Typically for a Hiaasen story, there are many twists and turns, all helped along by a cavalcade of memorable weirdos. There’s Bonnie Witt (Michelle Monaghan), Yancy’s ex-girlfriend with a secret past; Even Stripling (Meredith Hagner), the widow of the owner of the missing arm who doesn’t seem especially bereaved by what’s happened to her husband; and Rosa Campesino (Natalie Martinez), a Miami coroner who becomes Yancy’s accomplice. Across the waters in Andros, Bahamas, resides the other weary protagonist of the tale, Neville Stafford (Ronald Peet.) Having lost his beloved beach house to ruthless out-of-town developers, he’s determined to do whatever it takes to get back what is his. And what else is a man with only a pet monkey to do but acquire the services of the local spell practitioner, the Dragon Queen (Jodie Turner-Smith)? It doesn’t take long for everyone’s paths to cross in barmy fashion.

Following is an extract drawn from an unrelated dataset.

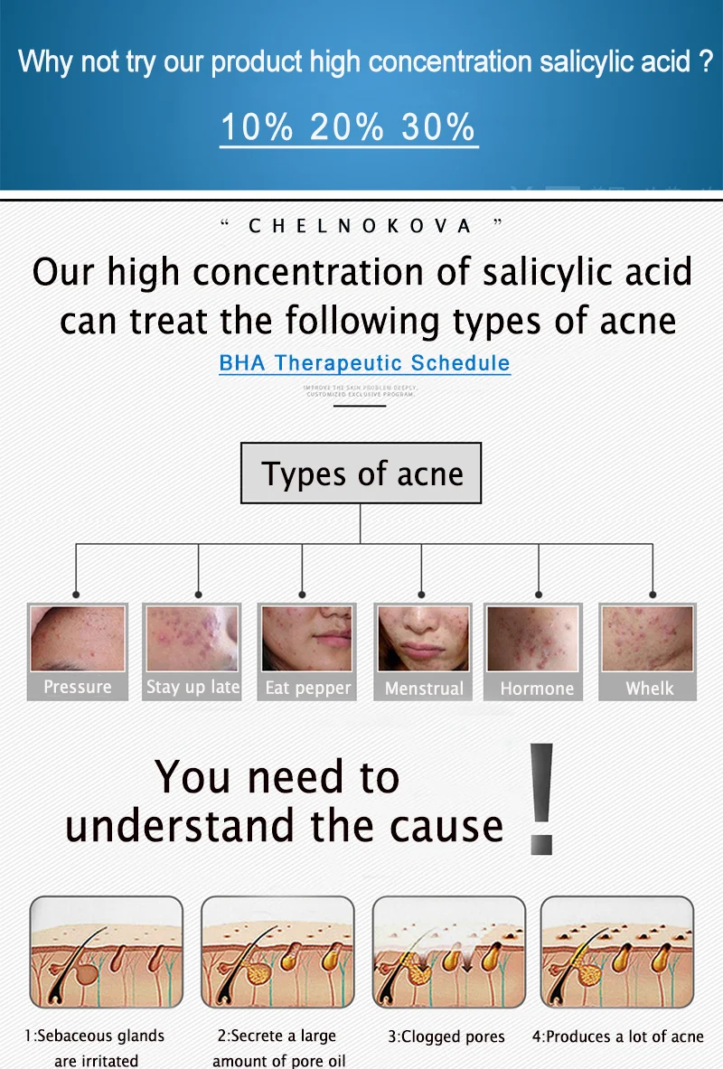 30%: если кутикулы кожи толще, проблема с акне более seriousпожалуйста, используйте 30% салициловую кислоту.

Lawrence is no stranger to a dash of cynicism in his comedy, although his best known works are those that put proud earnestness to the forefront, such as “Ted Lasso”, his Apple TV+ mega-hit. Hiaasen is not known for pulling his punches or leaning into the grotesque with his portrayals of seedy rich bullies, low-level crooks and cops with more on their mind than justice. Lawrence is mostly savvy enough to not get in the way of Hiaasen’s own language, or his oft-explored ecological concerns (the biggest punching bag of the show is a flop-sweaty real estate salesman, played by “SNL” star Alex Moffat, who is desperately trying to sell an ugly McMansion next to Yancy’s house.) It all works best when it embraces the sun-drenched noir of detective questions, shady witnesses and the general aura of bad things around every corner. If anything, “Bad Monkey” could stand to have more bad taste. Some jokes taken from the source material pull their punches in a way Hiaasen never would (Yancy’s attack on his girlfriend’s hubby is far worse in the novel, and funnier as a result.) It’s a Florida show, after all. Why not revel a little more in the state’s surrealness? At least they have the good decency to play a Jimmy Buffet song or two along the way.

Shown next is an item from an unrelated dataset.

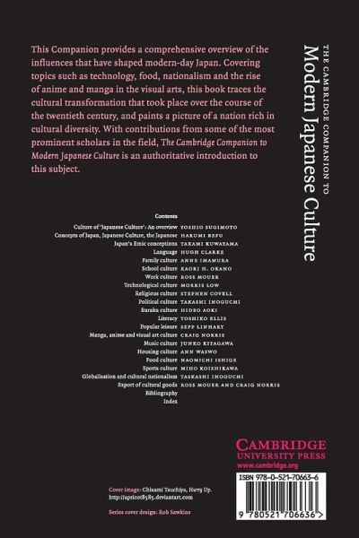 List of illustrations List of tables List of contributors Acknowledgements Chronology Map Culture of 'Japanese culture': an overview Yoshio Sugimoto 1. Concepts of Japan, Japanese culture, the Japanese Harumi Befu 2. Japan's emic conceptions Takami Kuwayama 3. Language Hugh Clarke 4. Family culture Anne Imamura 5. School culture Kaori H. Okano 6. Work culture Ross Mouer 7. Technological culture Morris Low 8. Religious culture Stephen Covell 9. Political culture Takashi Inoguchi 10. Buraku culture Hideo Aoki 11. Literature Toshiko Ellis 12. Popular leisure Sepp Linhart 13. Manga, anime and visual art culture Craig Norris 14. Music culture Junko Kitagawa 15. Housing culture Ann Waswo 16. Food culture Naomichi Ishige 17. Sports culture Miho Koishikawa 18. Globalisation and cultural nationalism Takashi Inoguchi 19. Export of cultural goods Ross Mouer and Craig Norris.

On paper, Vince Vaughn is the ideal choice for a Carl Hiaasen antihero. As one of the core members of the Frat Pack, the early 2000s ragtag crew that defined mainstream American comedy cinema, Vaughn’s sardonic persona was one of the smart straight(-ish) guys of the group, halfway between sanity and madness. For the most part, he makes for a good protagonist. Yancy is a good cop who does bad things, a public mess who still has a strong moral core even as he causes havoc wherever he goes. In many ways, he’s a character you could have taken from any Vince Vaughn movie in 2006.
The issue is that the series has no idea when to rein in its star. Why tell one joke when you could make four in a row? Yancy just never stops talking and it wears thin very quickly. This is a Vaughn original since the book has Yancy keeping his quips pretty restrained. Was the star and executive producer being paid by the word? If only they’d given him and the audience some room to breathe.
A 300+ page book gets 10 episodes that are roughly an hour long each, and while some expansions to characters like Neville, Rosa and the Dragon Queen are welcome, the lag is also obvious (and it gives Vaughn even more time to fill dead air with rambling.) One wonders why Lawrence, an expert at the 30-minute comedy, didn’t tighten things up and commit to that format instead. It makes better sense for something that’s supposed to be as zippy as a Carl Hiaasen story. Instead, the expansion reveals the flaws in the narrative, akin to that very messy third season of “Ted Lasso”, which made the same mistake.
One of the bigger twists in the book is revealed rather early and you feel the air deflate the narrative as a result. Would that “Bad Monkey” have been more noir and less comedy.
“Bad Monkey” premieres Wednesday, Aug. 14, on Apple TV+.